Project Description • Using existing 802.11 wireless signals it is possible to calculate one’s location without the use of GPS. • The RF Triangulator will use current infrastructures to act as an indoor/outdoor local positioning system • By acquiring signal data from 3 or more wireless access points it will be possible to determine one’s coordinates to within 1 meter.
RF Triangulator Applications: • Our chip can be integrated into handheld computers, watches, or shopping carts for locations ranging from large theme parks to office buildings. • It will be able to quickly provide your current location as well as provide a distance and heading to a future location for path-finding purposes.
Triangulation Process • Our chip will solve for the simultaneous solution of 3 circle equations.
Major Functional Components: • Top 3 / Queue module Gives priority to the top 3 signals based on their Signal-to-Noise Ratios • Lookup Table Module Hard coded data of MAC addresses, X and Y coordinates. • Calc Module Given the coordinates of 3 Access Points and their distance, it will calculate the current position.

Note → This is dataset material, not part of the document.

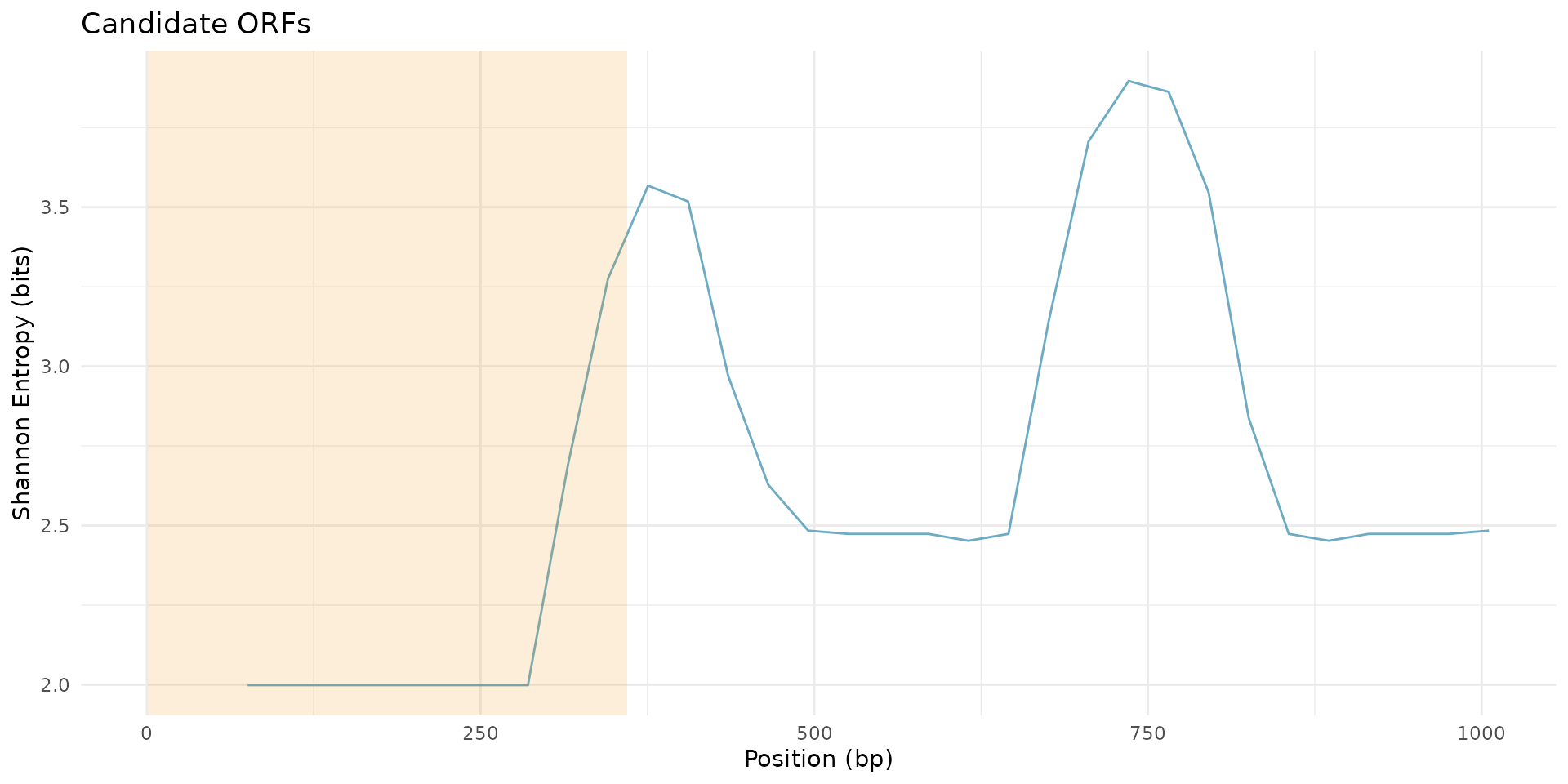 plot_candidate_orfs(scan_result, candidates, peaks, metric = "shannon_entropy")

Hardware Priority Queuing • Our chip dynamically sorts the three strongest signals in the Top 3 and maintains a queue of four more recently used signals. • Each signal information is the average of the last four received signals from that access point to prevent random noise to interfere with a correct triangulation calculation.

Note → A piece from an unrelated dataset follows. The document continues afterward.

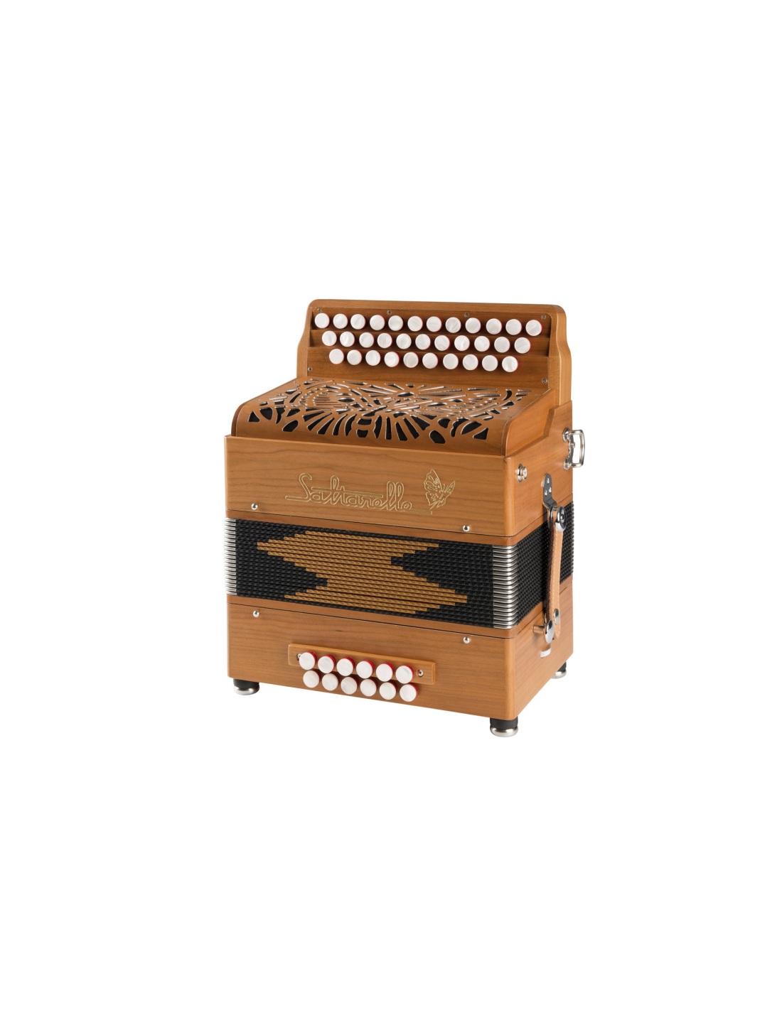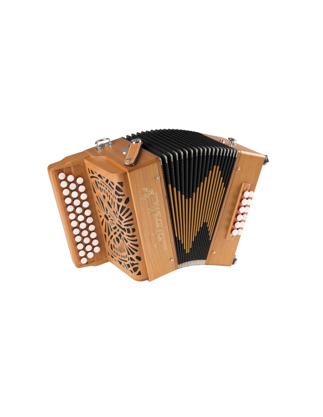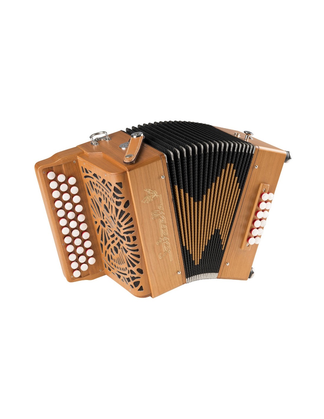 Diatonic accordion. 21 voces, 2 accidental bass buttons. 8 basses with 1 stop to remove the third.

Programmable Memory • An SRAM lookup table stores individual access point data including: MAC address, X and Y coordinates. • Map information can be loaded into memory (off-chip) and as required the chip can load the on-chip SRAM with smaller chunks of map information.
Calc: A Custom Datapath • The calculation requires 1 12-bit FP Multiply/Divider, 2 12-bit FP Adders, 1 12-bit Comparator, 1 Log Shifter. • Entire calculation requires 32 cycles, with up to four mathematical computations per cycle (including data forwarding to save cycles and square root approximation).

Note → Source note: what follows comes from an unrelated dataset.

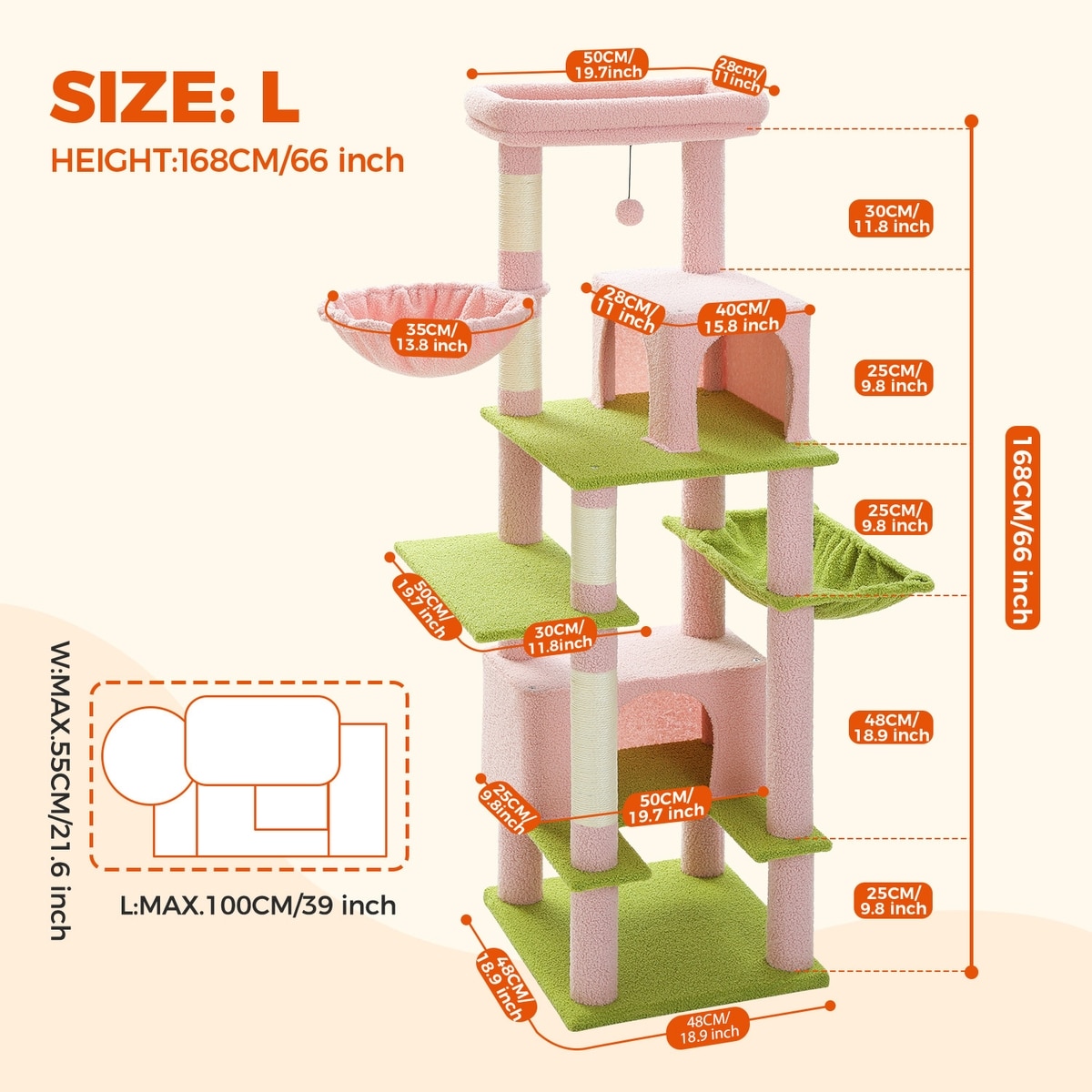 PAWZ Road 66-in Multi-Level Polyester Cat Tree & Condo, Large, Pink

Design Process • Original specifications for the chip included 16-bit floating point calculations and a waypoint finder that would calculate distance and direction to your desired location. • Size and complexity constraints reduced floating point numbers to 12-bits and eliminated waypoint calculation.
Road to Verification • Verify Behavior (done) • Verify Logic (done) • Verify Schematic (done) • Verify Layout (in progress) • Verify Timing (in progress)
Specifications • Total: 52,072 transistors* • Top Three: 29,322 trans. • 3 x FPU Add/Sub Units: 4500 trans. • Registers: 16104 trans. • Muxes & Computation: 8718 trans. • Calc: 19,976 trans. • 2 x FPU Add/Sub Unit: 3000 trans. • 1 x FPU Mult/Div Unit: ~5000 trans. • 1 x Shifter: 206 trans. • 1 x Comparator: 800 transistors. • FSM Logic: 1106 transistors • 25 x 12-bit Registers: 6600 trans. total • 8-1,6-1,4-1,2-1 Mux Sets: 3264 trans. total • Lookup: 2,774 trans. • Control Registers & Muxes: 2000 trans. • Control Logic: 163 trans. • Computation: 611 trans. • SRAM: 12k trans. • * count not including SRAM, with SRAM: ~64k • Area: 750x680 square microns • Density: 0.102 trans/sq. micron
Conclusions • Our project turned out to be much bigger than any of us imagined. • Lots of work to do…very little time.